Everything from the line with "Make room for" through the last line of the data below should be copied exactly, apart from the pictures.

GIVEN INFORMATION:
══════════════════════════════
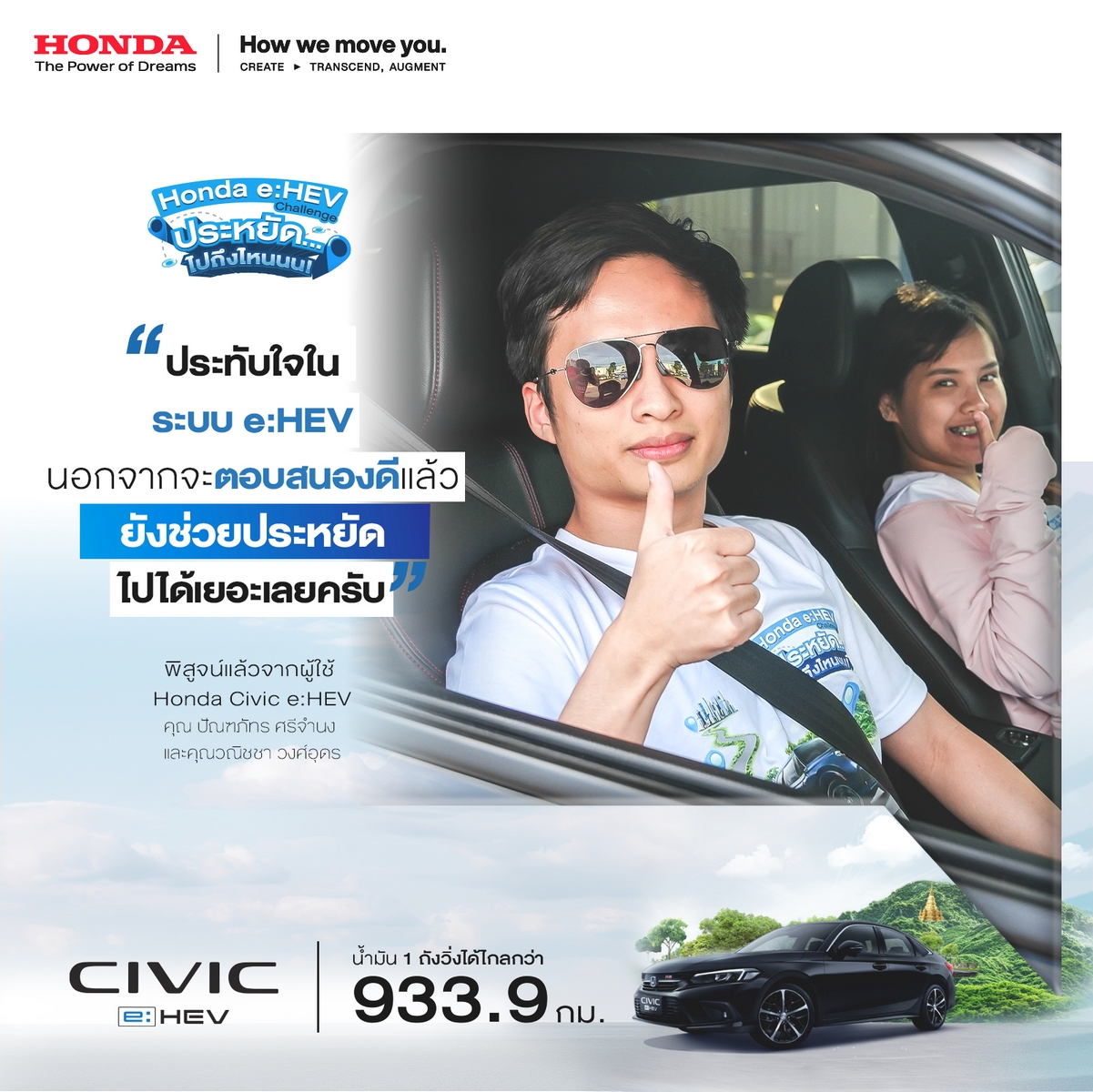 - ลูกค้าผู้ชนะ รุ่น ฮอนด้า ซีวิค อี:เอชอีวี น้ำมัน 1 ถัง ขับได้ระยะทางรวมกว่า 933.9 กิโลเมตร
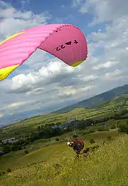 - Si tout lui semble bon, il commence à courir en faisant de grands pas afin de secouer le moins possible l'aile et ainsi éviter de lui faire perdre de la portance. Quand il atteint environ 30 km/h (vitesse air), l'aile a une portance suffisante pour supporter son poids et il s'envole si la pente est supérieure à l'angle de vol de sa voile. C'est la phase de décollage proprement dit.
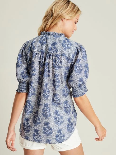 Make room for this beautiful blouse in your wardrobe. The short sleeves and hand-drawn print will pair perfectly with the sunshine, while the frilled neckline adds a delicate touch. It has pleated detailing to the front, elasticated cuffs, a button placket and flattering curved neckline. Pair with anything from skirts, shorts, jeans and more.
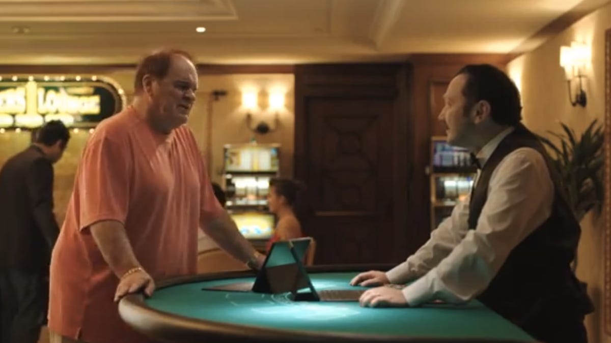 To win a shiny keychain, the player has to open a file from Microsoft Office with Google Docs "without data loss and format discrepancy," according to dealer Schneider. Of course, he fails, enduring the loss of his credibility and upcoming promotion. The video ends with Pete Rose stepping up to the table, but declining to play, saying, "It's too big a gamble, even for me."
══════════════════════════════
WRITTEN RESPONSE:
 Make room for this beautiful blouse in your wardrobe. The short sleeves and hand-drawn print will pair perfectly with the sunshine, while the frilled neckline adds a delicate touch. It has pleated detailing to the front, elasticated cuffs, a button placket and flattering curved neckline. Pair with anything from skirts, shorts, jeans and more.
 To win a shiny keychain, the player has to open a file from Microsoft Office with Google Docs "without data loss and format discrepancy," according to dealer Schneider. Of course, he fails, enduring the loss of his credibility and upcoming promotion. The video ends with Pete Rose stepping up to the table, but declining to play, saying, "It's too big a gamble, even for me."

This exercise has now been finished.